Time Period3 Months [change]
DirectionMoves Against 
StrengthInsignificant
Accuracy100.0%
ValuesDaily Returns

Walmart Inc CDR  vs.  Saputo Inc

 Performance 
       Timeline  
Walmart Inc CDR 

Risk-Adjusted Performance

Very Weak

 
Weak
 
Strong
Over the last 90 days Walmart Inc CDR has generated negative risk-adjusted returns adding no value to investors with long positions. In spite of very healthy basic indicators, Walmart is not utilizing all of its potentials. The latest stock price disarray, may contribute to short-term losses for the investors.
Saputo Inc 

Risk-Adjusted Performance

OK

 
Weak
 
Strong
Compared to the overall equity markets, risk-adjusted returns on investments in Saputo Inc are ranked lower than 8 (%) of all global equities and portfolios over the last 90 days. In spite of very unfluctuating basic indicators, S A P may actually be approaching a critical reversion point that can send shares even higher in August 2025.

Walmart and S A P Volatility Contrast

   Predicted Return Density   
       Returns  

Pair Trading with Walmart and S A P

The main advantage of trading using opposite Walmart and S A P positions is that it hedges away some unsystematic risk. Because of two separate transactions, even if Walmart position performs unexpectedly, S A P can make up some of the losses. Pair trading also minimizes risk from directional movements in the market.

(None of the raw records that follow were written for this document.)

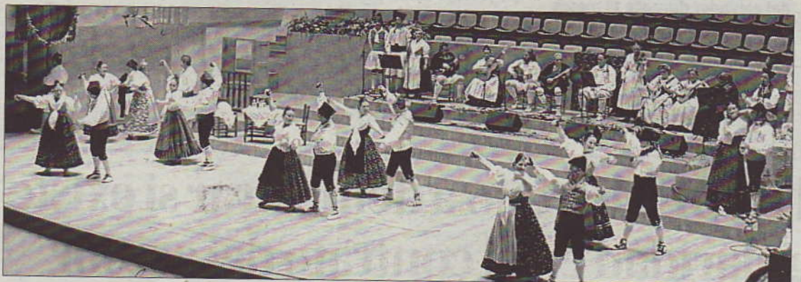
Instante de la actuación del grupo Les Folies en el Palau de la Música de Valencia.

El grupo de baile Les Folies de Carcaixent consiguió reunir a un numeroso público en su actuación en el Palau de la Música de Valencia. El espectáculo tradicional mostraba tres de las escenas festivas locales. L-EMV ALZIRA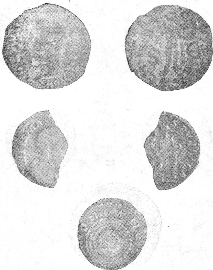
Fig. 3. Monede din colecția Muzeului din Biserica Albă.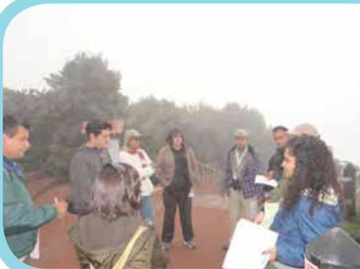
Taller en el Parque Nacional Volcán Poás, 2013

de los recursos de financiamiento del BID. Un total de $ 3,589.912 (tres millones quinientos ochenta y nueve mil novecientos doce dólares) quedaron comprometidos para inicios del 2014, con licitaciones y adjudicaciones en proceso.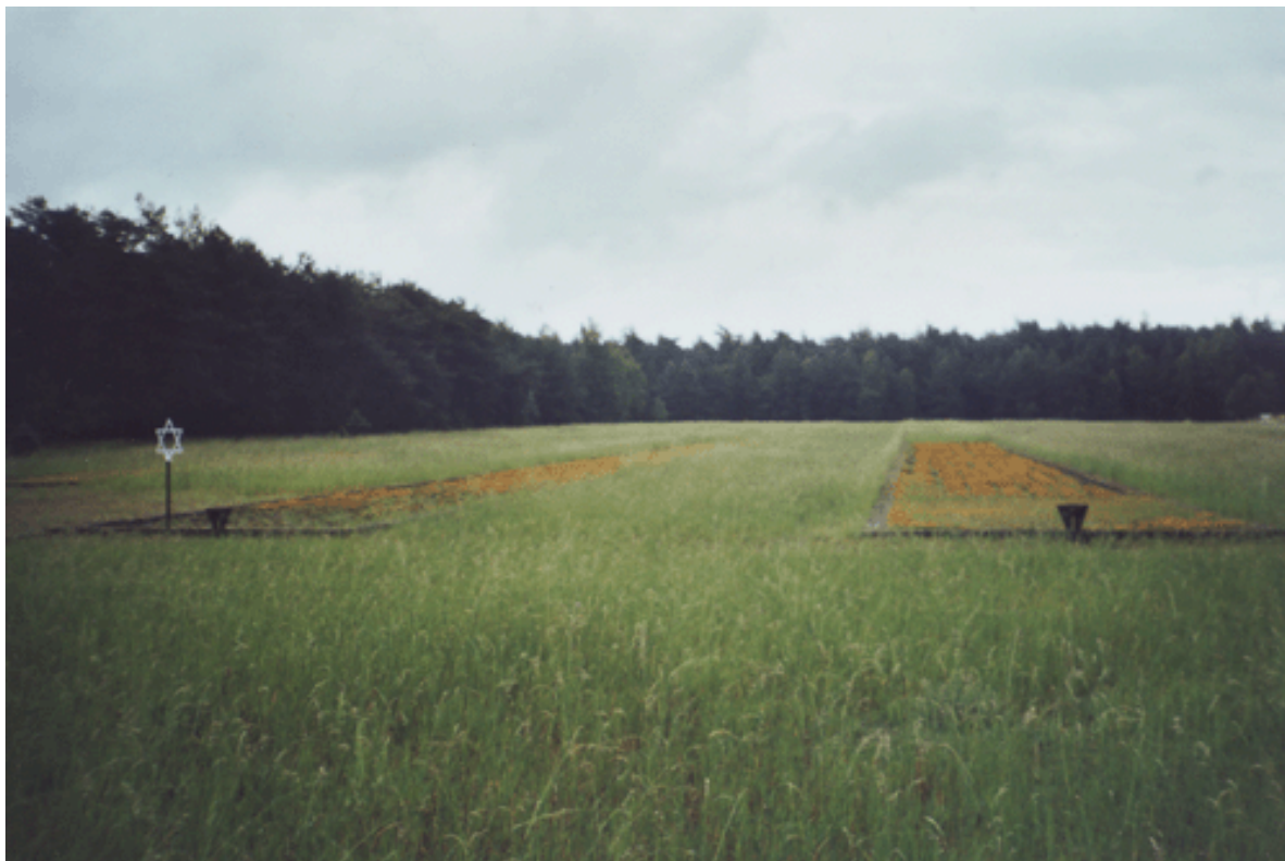
Obr. 6) Symbolické spalovací hranice na planině Žuchovského lesa, součásti vyhlazovacího tábora Chełmno nad Nerem, 5/2002.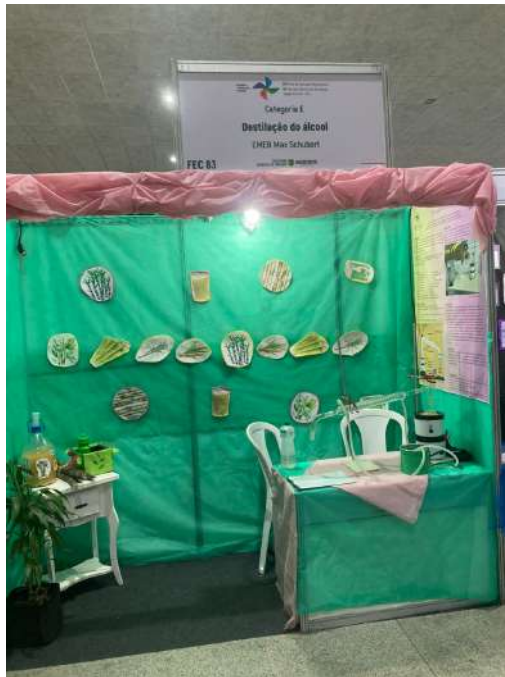
Imagem 10 - Fonte: Clube de Ciências, 2024.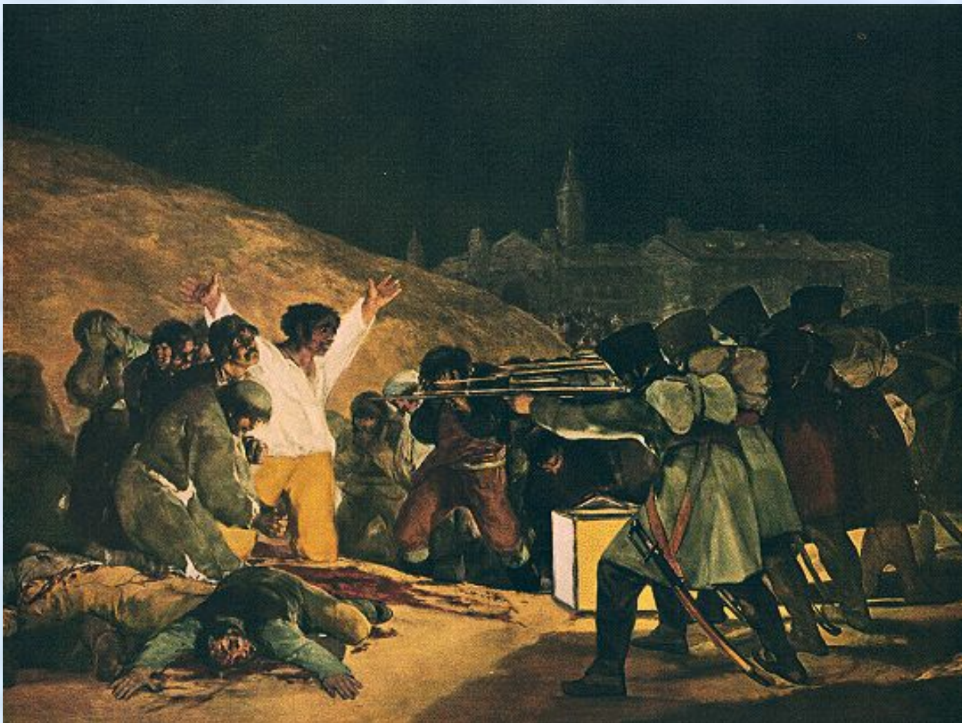
Расстрел повстанцев в ночь на 3 мая 1808 года

For example, if an entire industry or sector drops because of unexpected headlines, the short position in S A P will offset losses from the drop in S A P's long position.
The idea behind Walmart Inc CDR and Saputo Inc pairs trading is to make the combined position market-neutral, meaning the overall market's direction will not affect its win or loss (or potential downside or upside). This can be achieved by designing a pairs trade with two highly correlated stocks or equities that operate in a similar space or sector, making it possible to obtain profits through simple and relatively low-risk investment.
Check out your portfolio center.
Note that this page's information should be used as a complementary analysis to find the right mix of equity instruments to add to your existing portfolios or create a brand new portfolio. You can also try the Portfolio Backtesting module to avoid under-diversification and over-optimization by backtesting your portfolios.